◆ THE RECORDS ◆

== == ==

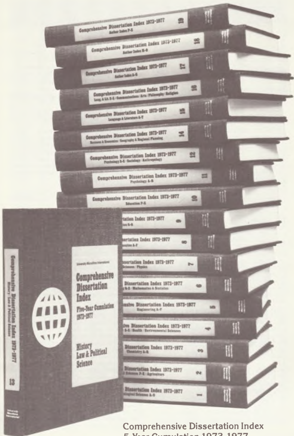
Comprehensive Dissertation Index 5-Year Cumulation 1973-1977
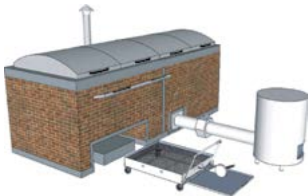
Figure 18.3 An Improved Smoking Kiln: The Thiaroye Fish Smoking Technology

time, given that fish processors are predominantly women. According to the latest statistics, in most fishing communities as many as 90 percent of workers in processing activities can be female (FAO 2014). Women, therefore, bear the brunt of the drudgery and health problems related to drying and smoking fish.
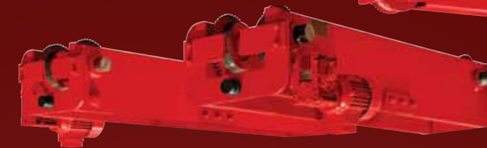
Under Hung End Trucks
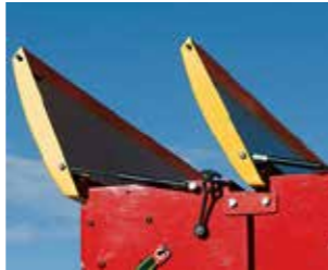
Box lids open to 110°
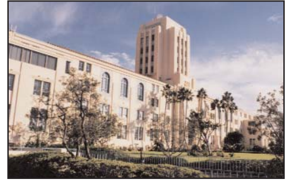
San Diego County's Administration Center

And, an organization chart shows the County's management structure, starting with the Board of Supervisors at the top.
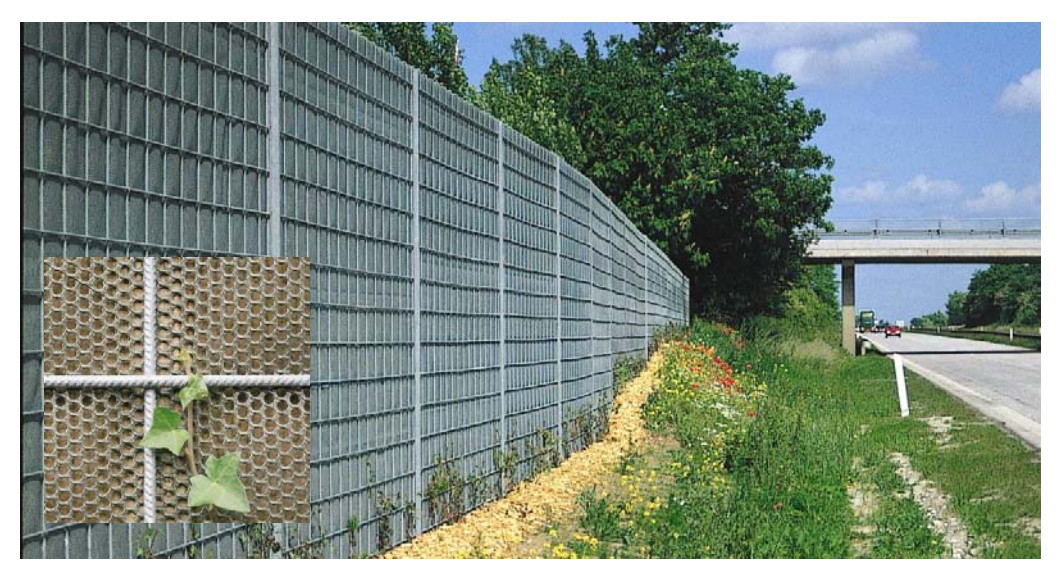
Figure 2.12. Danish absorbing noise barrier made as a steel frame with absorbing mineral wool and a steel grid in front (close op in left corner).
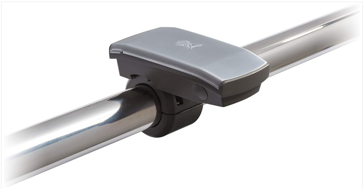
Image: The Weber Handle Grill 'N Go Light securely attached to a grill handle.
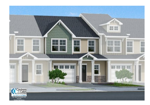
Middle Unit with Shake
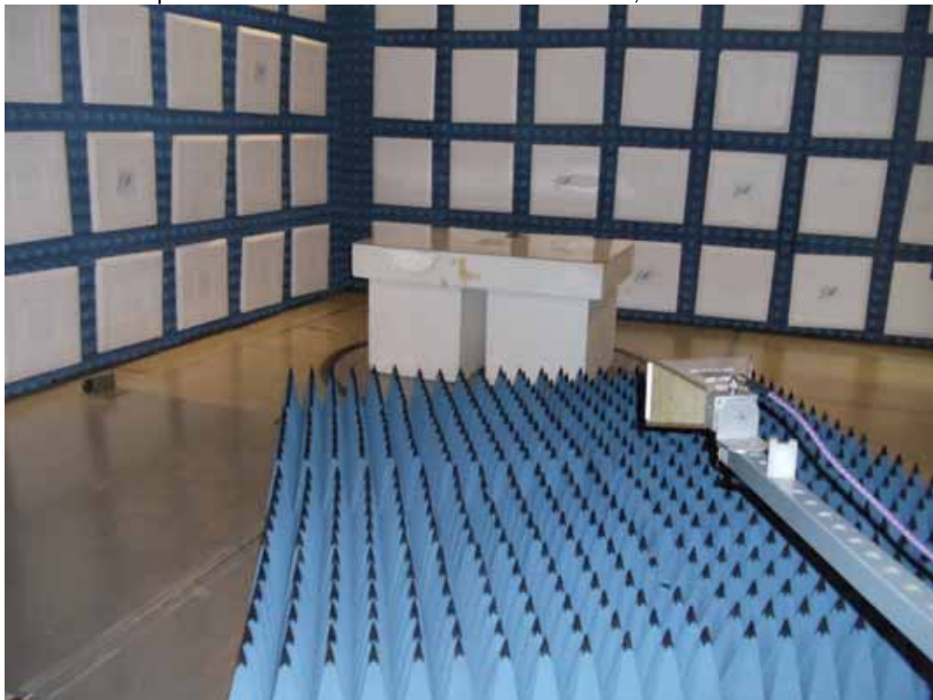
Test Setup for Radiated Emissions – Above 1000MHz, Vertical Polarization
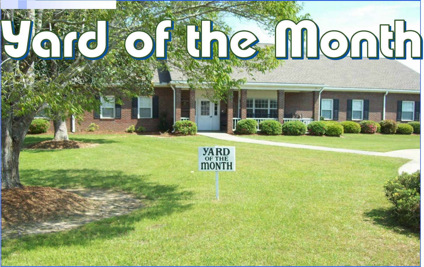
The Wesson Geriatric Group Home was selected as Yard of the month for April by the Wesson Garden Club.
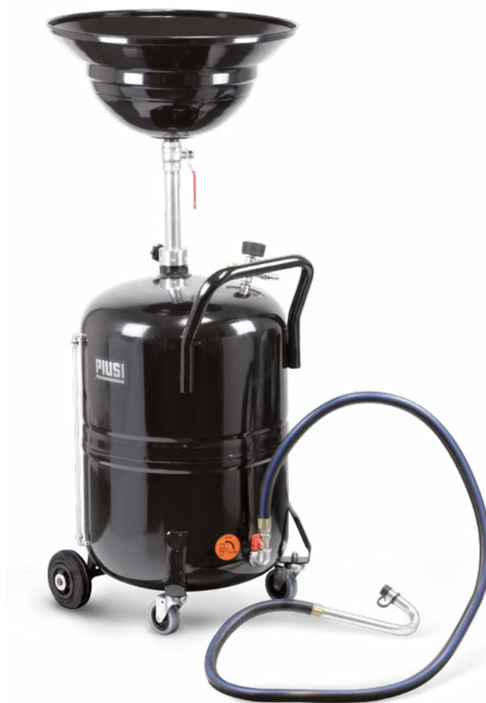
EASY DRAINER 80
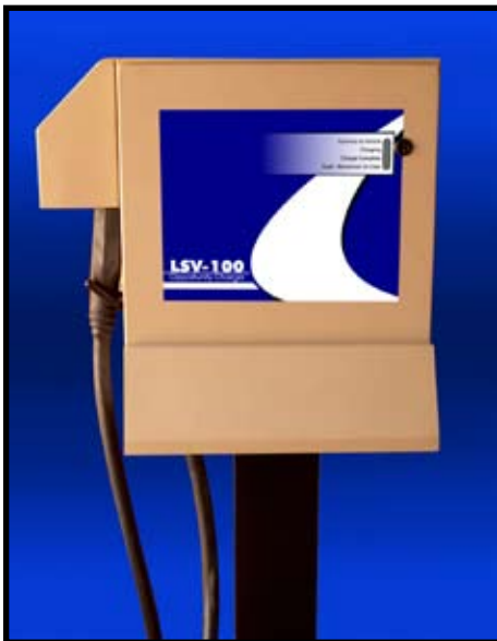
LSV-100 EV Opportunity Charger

== == ==

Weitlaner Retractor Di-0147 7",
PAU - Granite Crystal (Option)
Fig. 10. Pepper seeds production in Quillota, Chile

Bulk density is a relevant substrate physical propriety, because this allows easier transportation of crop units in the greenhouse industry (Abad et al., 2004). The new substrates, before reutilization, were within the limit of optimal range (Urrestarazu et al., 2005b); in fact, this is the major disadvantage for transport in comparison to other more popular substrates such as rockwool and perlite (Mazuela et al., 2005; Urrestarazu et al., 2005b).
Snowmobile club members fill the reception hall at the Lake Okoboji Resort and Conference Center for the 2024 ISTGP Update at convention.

== == ==

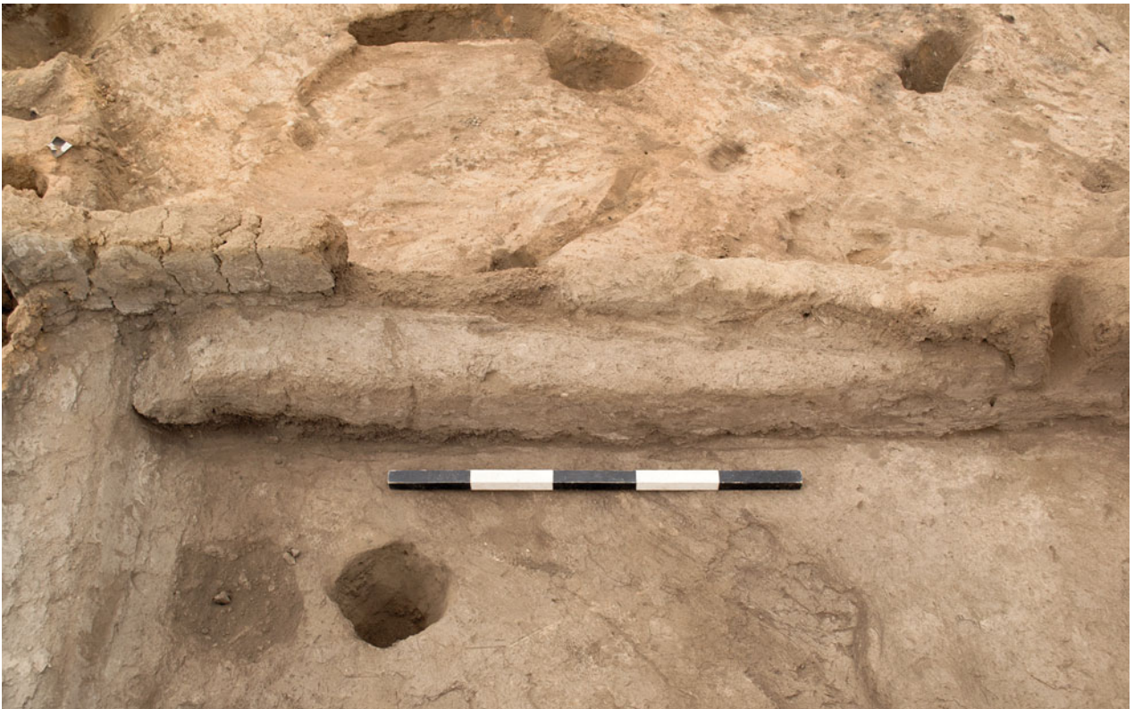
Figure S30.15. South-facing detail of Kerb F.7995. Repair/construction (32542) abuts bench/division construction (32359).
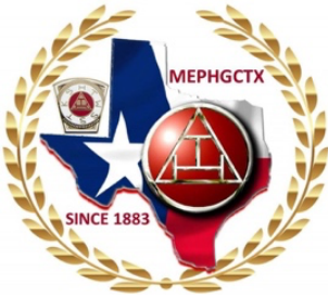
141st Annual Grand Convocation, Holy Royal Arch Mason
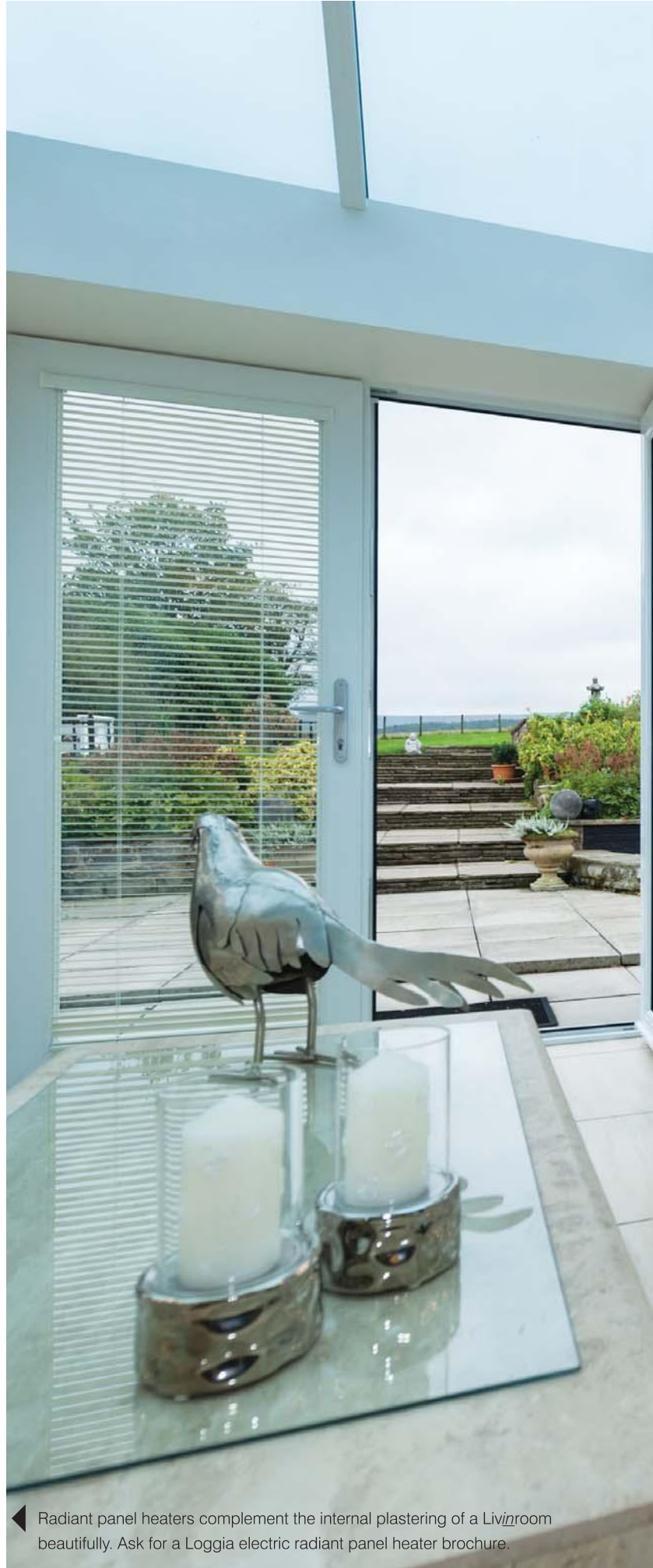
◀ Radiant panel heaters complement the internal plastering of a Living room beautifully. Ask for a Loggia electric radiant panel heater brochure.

== == ==

◆ EXERCISE REQUIREMENTS ◆
Pictures do not belong in the answer. Return the lines above starting at the one with "Under Hung End Trucks" and ending at the one with "Test Setup for", both kept, exactly.

◆ TASK OUTPUT ◆
Under Hung End Trucks
Box lids open to 110°
San Diego County's Administration Center

And, an organization chart shows the County's management structure, starting with the Board of Supervisors at the top.
Figure 2.12. Danish absorbing noise barrier made as a steel frame with absorbing mineral wool and a steel grid in front (close op in left corner).
Image: The Weber Handle Grill 'N Go Light securely attached to a grill handle.
Middle Unit with Shake
Test Setup for Radiated Emissions – Above 1000MHz, Vertical Polarization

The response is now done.